Time will tell though. Share a drawing with us. I'd like to see how you spread the weight out.


----------



## Andyg (Apr 6, 2013)

I've got a 12ft v bottom with a 12volt 55lb transom mount trolling motor and it does just fine. On a full charge it will throw you off balance if you go from 0 to 5. I go out for about 5 hours and its only at 80% charge. Oh its a Minn Kota Endura c2 I believe. Two of those and you'd be moving right along.


----------



## Zum (Apr 6, 2013)

I think it's better to have a trolling motor in the bow of a boat.Easier to control and they can pull you through the water.As far as speed,not real sure...less drag with with one,less weight,might be crap shoot.The nice thing about two,is the security,if one breaks down.Speed wise,around 5 mph....don't even think about planing.


----------



## krawler (Apr 6, 2013)

Your top speed is only going to be about 5 mph or so with either setup. Trolling motors aren't built for speed.


----------



## Johny25 (Apr 8, 2013)

krawler said:


> Your top speed is only going to be about 5 mph or so with either setup. Trolling motors aren't built for speed.



That is only because of the pitch/prop design. If someone was to get a few trolling motors like the poster is going with and had them propped with custom props (higher pitch) you could plane a small boat no problem


----------



## lefty (Apr 8, 2013)

Who on earth makes an aftermarket prop for an electric motor besides Kipawa. Those don't add much speed.


----------



## Zum (Apr 8, 2013)

Johny25 said:


> krawler said:
> 
> 
> > Your top speed is only going to be about 5 mph or so with either setup. Trolling motors aren't built for speed.
> ...


I'll agree with you about the prop pitch determining the speed.
I can't agree about it and it's ability to plane.
Even at 101 lbs thrust,at most this would be equivalent to a 2hp;a doubt 3hp gas motor?
By the time you add the 3 batteries,it's now heavier then a 2 / 3hp gas motor,which was never able to plane the boat to begin with.
I would be interesting to see 2 or 3-101's on the back of a small aluminum though,with a different type(pitch) metal prop.


----------



## JMichael (Apr 8, 2013)

A friend of mine has a very old MK trolling motor. So old, it doesn't say XX thrust, it says 3HP. :shock: It that was true back in the day(which I'm not sure how accurate that hp rating was back then), I gotta figure the actual HP rating of a 101 lb thrust has to be more than 3hp but how much more IDK.


----------



## krawler (Apr 8, 2013)

The other issue with electric trolling motors is that you can only get about 1400 to 1500 rpm's out of them, not 4000 to 5000 like a gas motor.


----------



## Johny25 (Apr 9, 2013)

Zum said:


> Johny25 said:
> 
> 
> > krawler said:
> ...



With a little redneck ingenuity anything can be possible......lets not forget that :lol:


----------



## Zum (Apr 9, 2013)

krawler said:


> The other issue with electric trolling motors is that you can only get about 1400 to 1500 rpm's out of them, not 4000 to 5000 like a gas motor.

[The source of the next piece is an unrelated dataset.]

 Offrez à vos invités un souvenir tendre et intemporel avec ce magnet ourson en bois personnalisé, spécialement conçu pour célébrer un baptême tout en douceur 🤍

A lot of electric motors will spin 3500 rpm(use them at work)they probably go even faster,not sure about trolling motors.


----------



## JMichael (Apr 9, 2013)

It's not always about the RPM. Look at a small airplane. It's turning the prop at 4-6 thousand RPM but compare that to the 60 or so RPM used to accomplish the first human powered flight. While it can't be done on the same scale, the same principle can be applied under water to make up for the difference. And electric motors can easily surpass a comparable gas engine. That's already been proven using radio controlled models with 2 cycle nitro engine vs electric motors. The electrics downfall compared to fuel is duration.


----------



## lefty (Apr 9, 2013)

Well said. Still I think the bottom line here is how can we get our boat to go as fast as possible for as long as possible. 
Around here some of the best fishing is on the electric only Reservoirs... 
The Torqeedo motors are capable of turning the equivalent of a 9.9 but it takes 4000 to get one. Not to mention the 4 batteries for the 48V system to run it. 
I am very interested in learning how to capitalize the most speed possible.

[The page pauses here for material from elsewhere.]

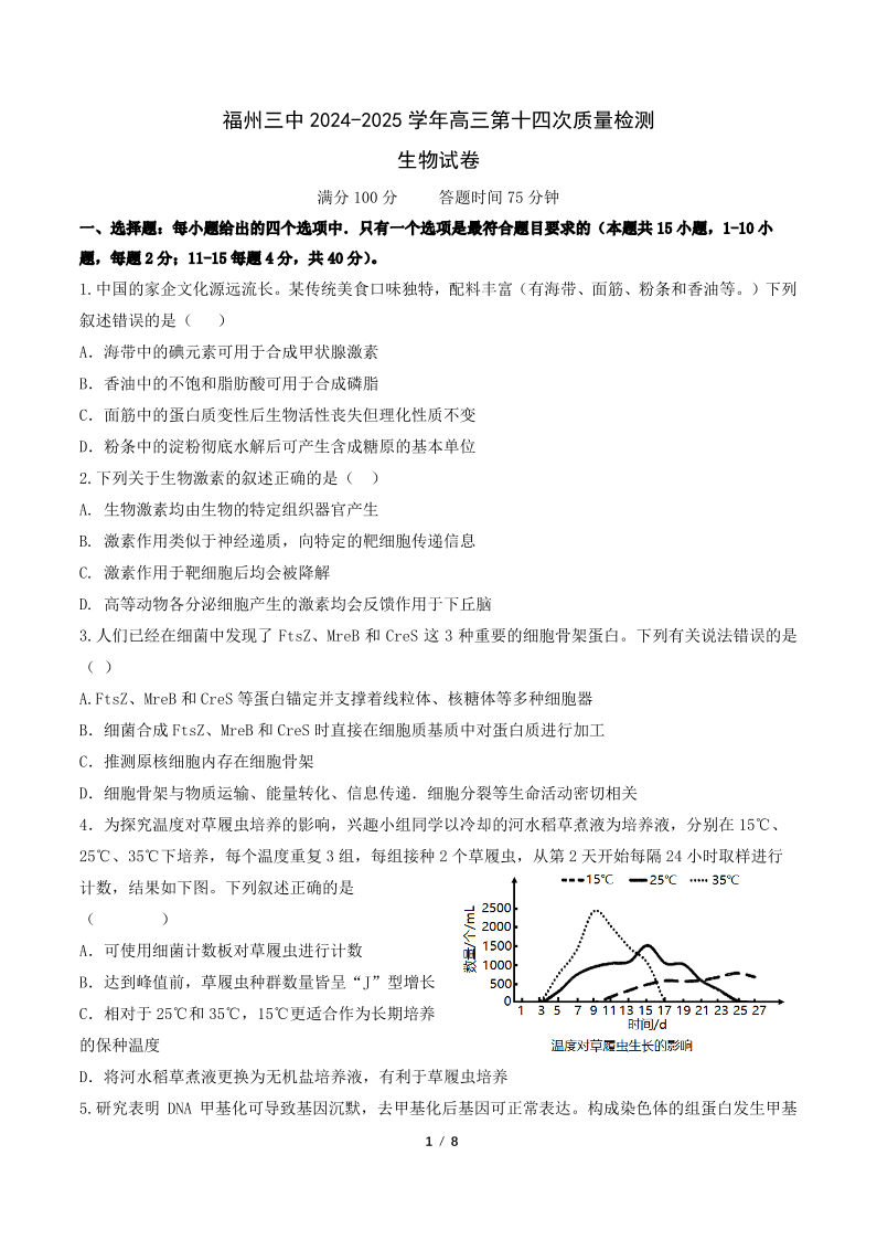 福建省福州市三中2024-2025学年下学期高三第十四次质量检测生物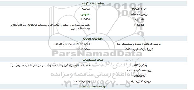مناقصه راهبری، سرویس، تعمیر و نگهداری تاسیسات مجموعه ساختمان های بیمارستان مهریز از کلیه افراد متخصص و شرکتها واجد شرایط دعوت به عمل میآید در مناقصه با کد خبرگزاری پارس نماد: 9377040 شرکت نمایند.

Planning the boat is not an issue. Whether it planes or not. We just want to go as fast as possible.
Please Elaborate!


----------



## Zum (Apr 10, 2013)

There's something called "hull speed",long story short,it's the fastest your boat can go before it planes.
It's not determined by the motor(s)your using(gas/electric....etc) but by the boat itself and the type hull it has.
Google it(hull speed), if your having a hard time sleeping

I still say your not going to go much faster then 5/6 mph and then for how long.
More batteries = more weight....more weight = more power to plane,not to mention more money.

Anyways,theres lots of stuff on the web....have fun.


----------



## lefty (Apr 10, 2013)

Makes since. Sorta. But what about torqeedos? They run much faster. With one extra battery. Could prop design have anything to do with it? 

And for example.... if you run 2 rear 70 lb thrust motors. Is there much difference running 2 rear 55s? 
70s run 24v system.
55s run 12v.

70s should run stronger longer. But where's the benefactor?


----------



## Zum (Apr 11, 2013)

I haven't read to much on those torpedoes trolling motors.I do know they have a pretty big prop and I imagine the ones that go fast,are at least 48 volt and use lithium batteries,costing an arm and a leg. You gave a good reason for the 24v in your question....stronger,longer.
Plus if fishing current,wind or have a bigger/heavier boat the 24v will handle it easier and longer.
As far as props,of course they make a difference but you still need hp to move them and with electrics you also need batteries to store the power.

I have a old stealth 30lbs and a 55 lbs thrust TM,that I use 99 percent of the time.I tried the 30lbs by itself and its close to the same speed as my 55(.2 mph slower)but if it were windy,I imagine the 30lber would suffer.


----------



## lefty (Nov 10, 2013)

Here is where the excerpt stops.